Giant plasma bubbles - wispy clouds of electrically charged gas particles formed after dark in the upper atmosphere - hold the key for future warfare as they can bend and disperse radio waves, interfering with communications, a research indicates.

Researchers from the Johns Hopkins University's Applied Physics Laboratory (APL) have presented a new computer model that could help predict the impact of such bubbles on future military operations.

They provide evidence that plasma bubbles may have contributed to the communications outages during the battle between the US forces and militants at the snowcapped peak of Takur Ghar in Afghanistan in 2002.

In the atmosphere above Afghanistan, peak bubble season generally occurs during the spring.

Given the timing and location of the battle of Takur Ghar, the researchers thought these atmospheric anomalies could have been present.

To confirm their suspicions, Kelly's team looked at data from the Global Ultraviolet Imager (GUVI) instrument aboard NASA's Thermosphere, Ionosphere, Mesosphere Energetics and Dynamics (TIMED) mission.

"The TIMED spacecraft flew over the battle field at about the right time," said lead researcher Michael Kelly.
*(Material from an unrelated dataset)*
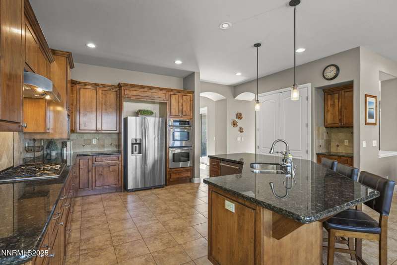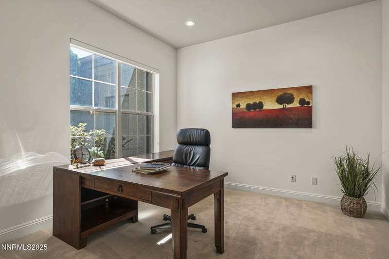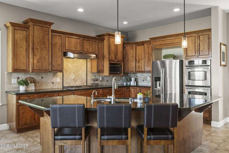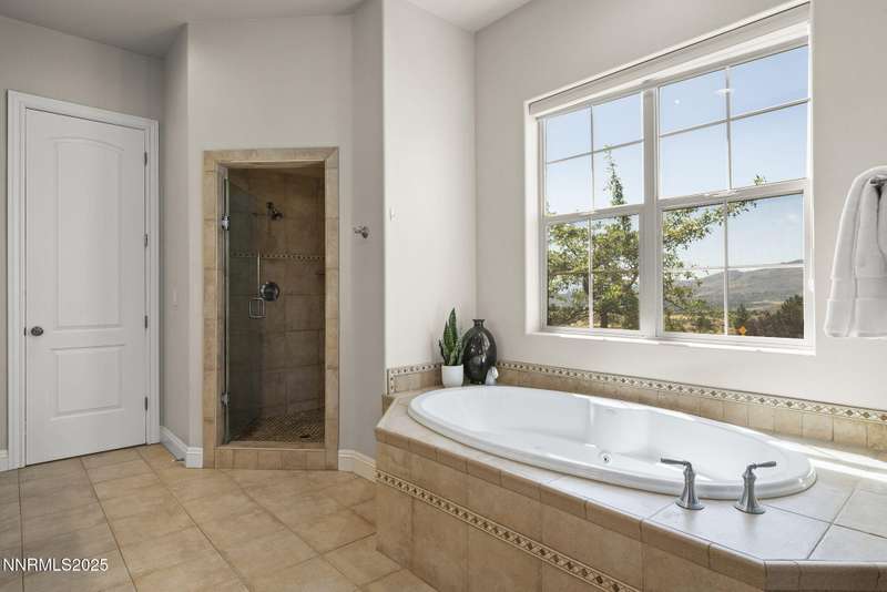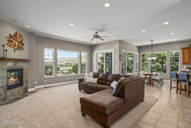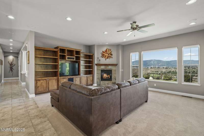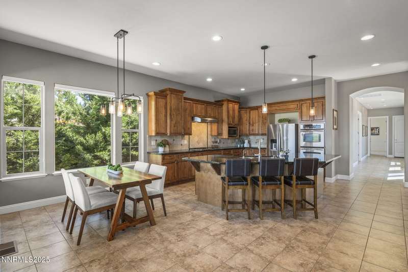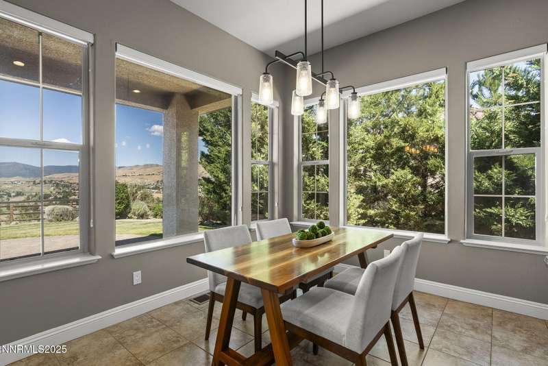 Breathtaking 360° Views of the surrounding mountains, valley, golf course, high desert, and mature trees frame this exquisite single-level estate located in the prestigious Somersett community. Featuring 4 spacious ensuite bedrooms, 4.5 bathrooms, an office, and 3,759 sq ft of thoughtfully designed living space on just over half an acre, this home perfectly blends luxury, functionality, and indoor-outdoor living. Enter through a private gated courtyard framed by lush, mature landscaping. Inside, you're welcomed by soaring ceilings, wide hallways, and an abundance of natural light. The expansive great room showcases custom built-ins, a gas fireplace, built-in speakers, and a ceiling fan, creating a warm and inviting space for both everyday living and entertaining. The chef's kitchen is beautifully appointed with a double oven, gas range, oversized island, walk-in pantry, and extensive cabinetry—all opening seamlessly to the great room. A formal dining room offers the perfect setting for elegant gatherings, while the separate living room provides flexible space for a game room, media lounge, or second living area.The oversized primary suite is a true retreat with a spa-like bathroom featuring a jetted tub, separate shower, dual sinks, and a large walk-in closet. Second bedroom with ensuite bathroom has a seperate entrance and could be used as an office , bedroom, or a workout room. Additional bedrooms are thoughtfully situated on the opposite wing, each with its own ensuite bath, ensuring privacy for all. Enjoy no rear or side neighbor, a three-car garage (2-car plus separate 1-car), tile roof, stucco exterior, and mature landscaping in both the front and backyard. Step outside to miles of scenic hiking and walking trails, with a bike park just moments away—an outdoor enthusiast's paradise. All of this, just minutes from shopping, dining, golf, and entertainment. Don't miss this perfect opportunity to own your dream home!

Joseph Comberiate, a space physicist at APL, developed a technique to transform the 2D satellite images into 3D representations of plasma bubbles.

Using this technique, authors were able to show that on March 4, 2002 there was a plasma bubble directly between the ill-fated US Chinook helicopter and the communications satellite.

Just after daybreak, the Chinook crash-landed on the peak under heavy enemy fire and three men were killed in the ensuing fire-fight.

"The new model shows the electron-depleted regions of the atmosphere where radio wave interference, known as scintillation, is most likely to occur," Kelly said.

Plasma is pervasive in the upper atmosphere during daylight hours when the Sun's radiation rips electrons from atoms and molecules.

Sunlight keeps the plasma stable during the day, but at night, the charged particles re-combine to form electrically neutral atoms and molecules again.

Their work has been accepted for publication in a journal of the American Geophysical Union called Space Weather.